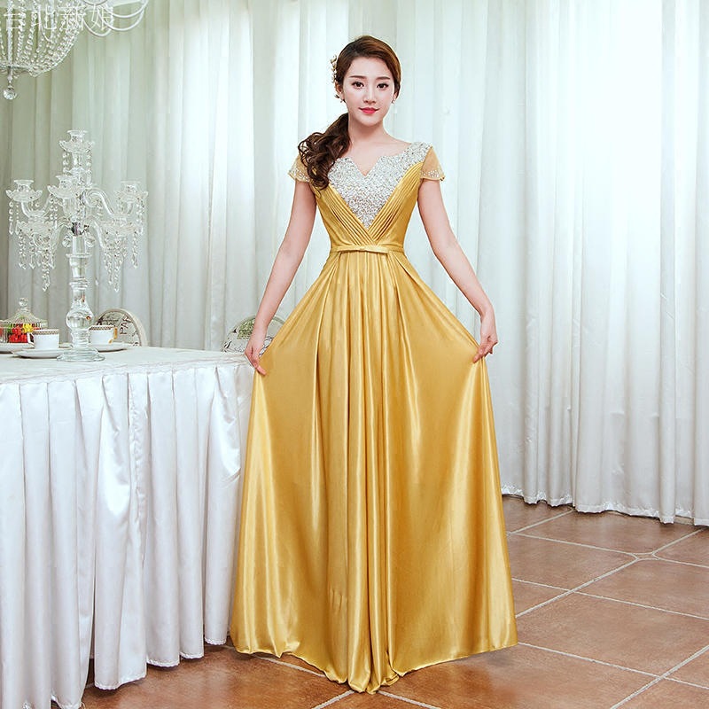 [真丝礼服] 2018新款新娘修身敬酒服 晚宴V领钉珠长款礼服女 主持人晚礼服
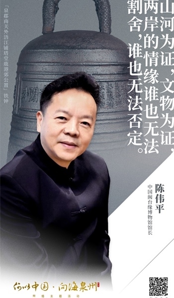 1月28日晚,由中央網(wǎng)信辦、國家文物局、人民日報社、福建省委網(wǎng)信委指導(dǎo),中央網(wǎng)信辦網(wǎng)絡(luò)傳播局、國家文物局相關(guān)司局、福建省委網(wǎng)信辦、福建省文物局以及人民網(wǎng)等部門聯(lián)合主辦的“何以中國·向海泉州”網(wǎng)絡(luò)主題活動在泉州舉行?;顒蝇F(xiàn)場,作為講述嘉賓之一,中國閩臺緣博物館館長陳偉平分享了自己見證的閩臺緣、兩岸情。
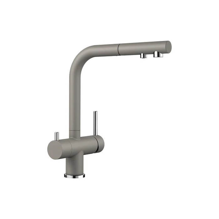 • Kényelmes 3 az 1-ben csaptelep: szűrt és szűretlen víz a kihúzható kifolyón keresztül
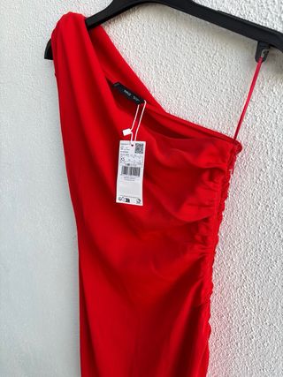 Vestido largo de fiesta en color rojo, con diseño asimétrico y detalles fruncidos en el lateral. - Diseño de un solo hombro. - Largo hasta el tobillo. - Tejido con caída. - talla xs , nuevo sin estrenar
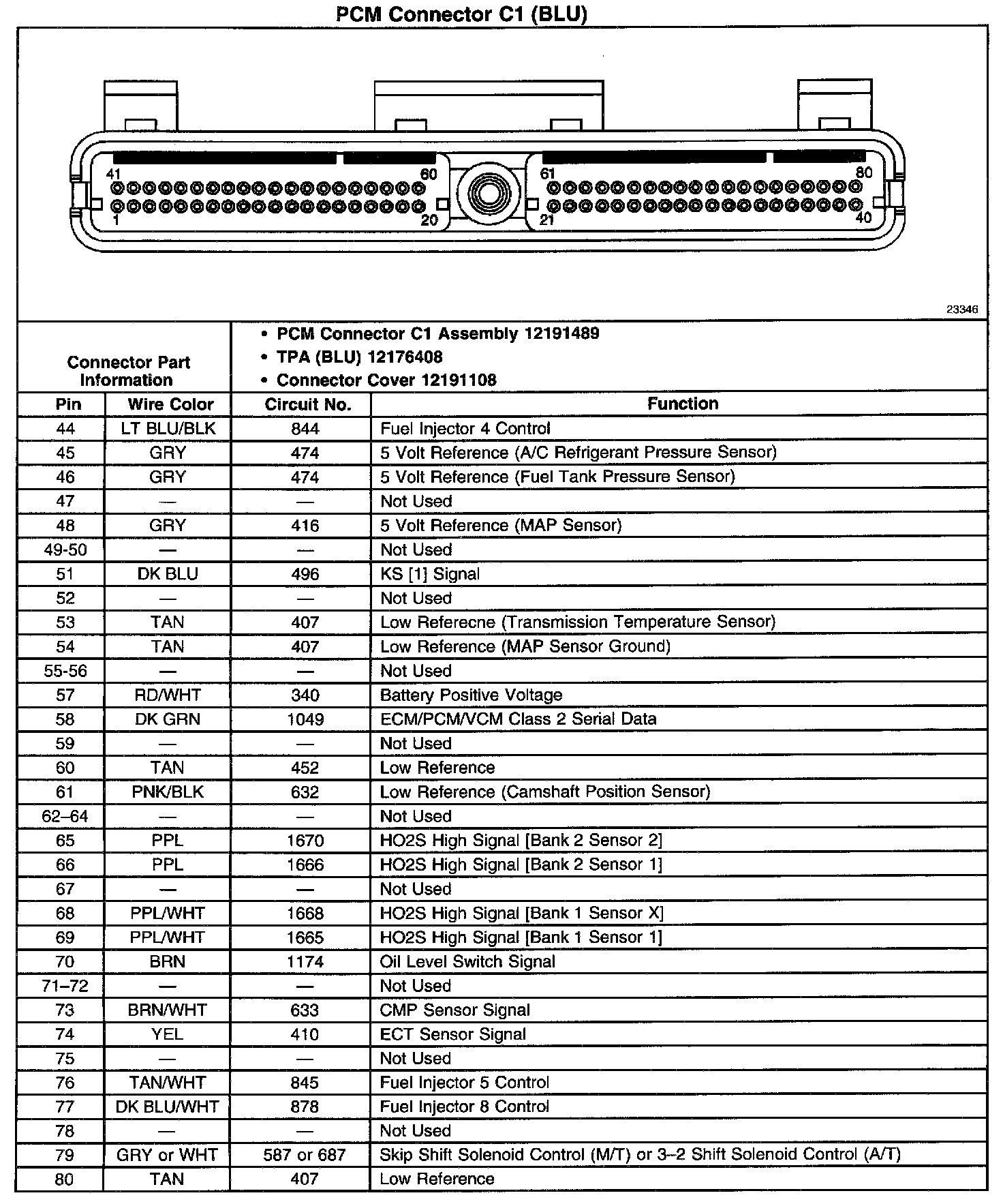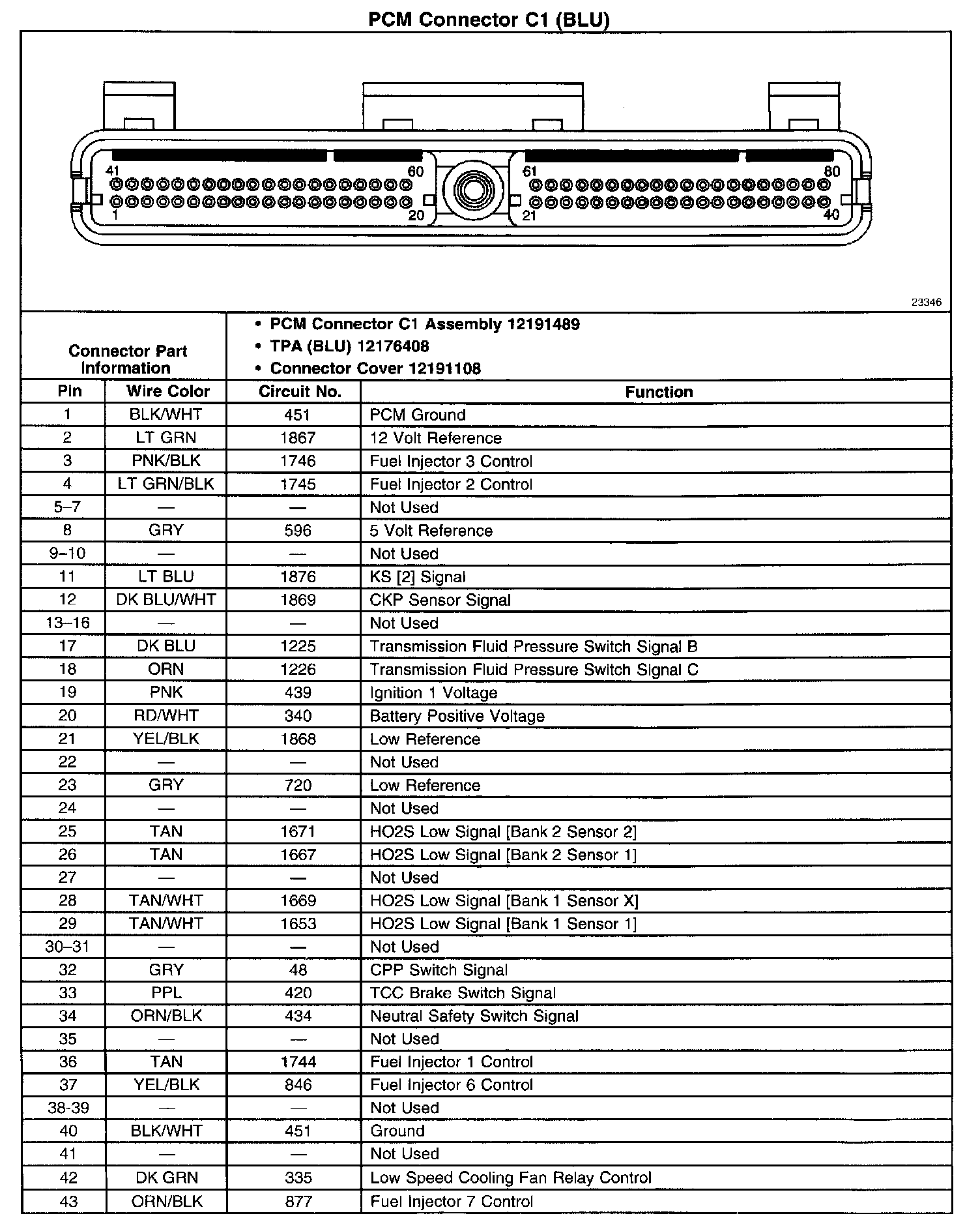 PCM Connector C1 (BLU) (Part 2 Of 2):

==================================================

Print once more, exactly, the lines that start at the top of the records above and end at the line with "kihúzható kifolyón keresztül", skipping all pictures.

 [真丝礼服] 2018新款新娘修身敬酒服 晚宴V领钉珠长款礼服女 主持人晚礼服
 1月28日晚,由中央網(wǎng)信辦、國家文物局、人民日報社、福建省委網(wǎng)信委指導(dǎo),中央網(wǎng)信辦網(wǎng)絡(luò)傳播局、國家文物局相關(guān)司局、福建省委網(wǎng)信辦、福建省文物局以及人民網(wǎng)等部門聯(lián)合主辦的“何以中國·向海泉州”網(wǎng)絡(luò)主題活動在泉州舉行?;顒蝇F(xiàn)場,作為講述嘉賓之一,中國閩臺緣博物館館長陳偉平分享了自己見證的閩臺緣、兩岸情。
 • Kényelmes 3 az 1-ben csaptelep: szűrt és szűretlen víz a kihúzható kifolyón keresztül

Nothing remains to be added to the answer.